• About this exercise
Please, from the entries below, transcribe exactly the lines that begin at the line with "One of the starting" and end at the line with "Aggressive Stance and", without the pictures.

• Provided records
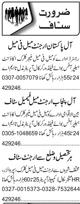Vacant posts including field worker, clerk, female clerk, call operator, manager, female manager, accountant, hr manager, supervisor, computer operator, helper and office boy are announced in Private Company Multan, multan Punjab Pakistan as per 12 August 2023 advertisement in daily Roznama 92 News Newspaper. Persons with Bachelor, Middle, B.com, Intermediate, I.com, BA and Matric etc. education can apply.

---

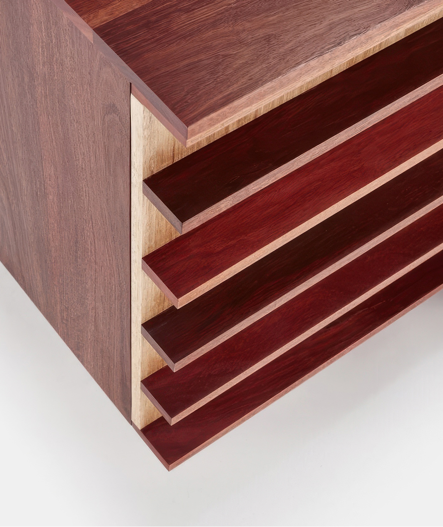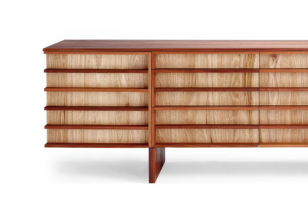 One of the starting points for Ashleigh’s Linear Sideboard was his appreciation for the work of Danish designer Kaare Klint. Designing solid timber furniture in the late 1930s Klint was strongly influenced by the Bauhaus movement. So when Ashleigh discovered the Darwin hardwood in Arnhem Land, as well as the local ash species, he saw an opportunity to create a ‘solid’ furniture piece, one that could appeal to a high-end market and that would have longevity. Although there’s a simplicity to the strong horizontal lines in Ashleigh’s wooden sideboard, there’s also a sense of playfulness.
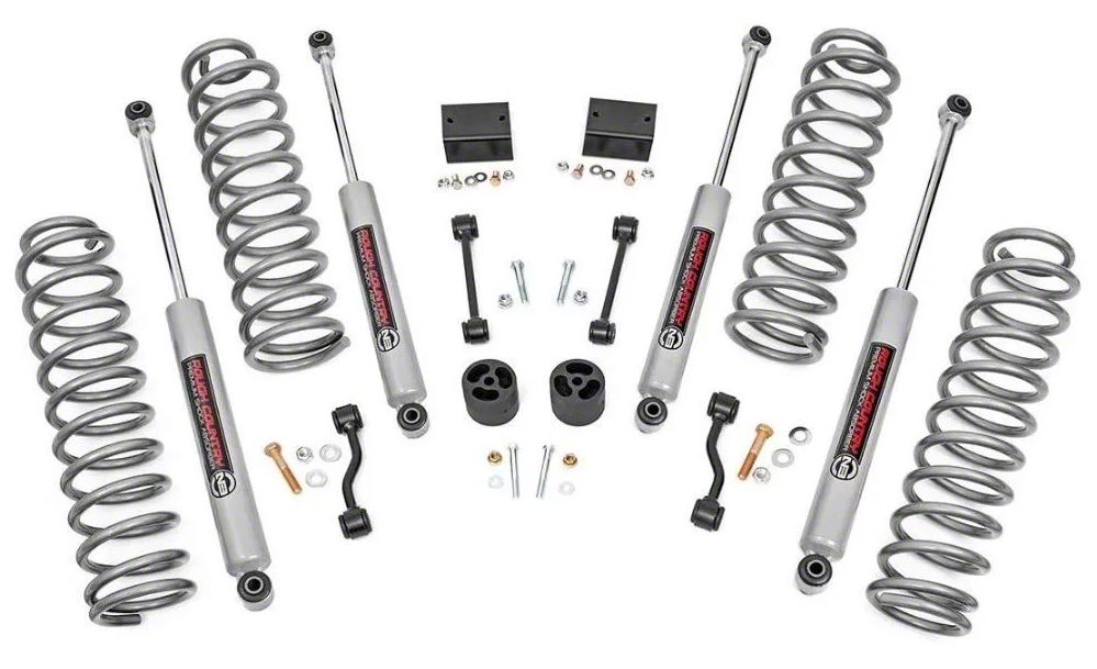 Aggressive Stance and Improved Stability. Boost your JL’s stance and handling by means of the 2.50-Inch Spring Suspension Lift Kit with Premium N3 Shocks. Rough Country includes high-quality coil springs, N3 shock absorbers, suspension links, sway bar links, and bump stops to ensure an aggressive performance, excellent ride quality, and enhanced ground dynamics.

• Expected answer
 One of the starting points for Ashleigh’s Linear Sideboard was his appreciation for the work of Danish designer Kaare Klint. Designing solid timber furniture in the late 1930s Klint was strongly influenced by the Bauhaus movement. So when Ashleigh discovered the Darwin hardwood in Arnhem Land, as well as the local ash species, he saw an opportunity to create a ‘solid’ furniture piece, one that could appeal to a high-end market and that would have longevity. Although there’s a simplicity to the strong horizontal lines in Ashleigh’s wooden sideboard, there’s also a sense of playfulness.
 Aggressive Stance and Improved Stability. Boost your JL’s stance and handling by means of the 2.50-Inch Spring Suspension Lift Kit with Premium N3 Shocks. Rough Country includes high-quality coil springs, N3 shock absorbers, suspension links, sway bar links, and bump stops to ensure an aggressive performance, excellent ride quality, and enhanced ground dynamics.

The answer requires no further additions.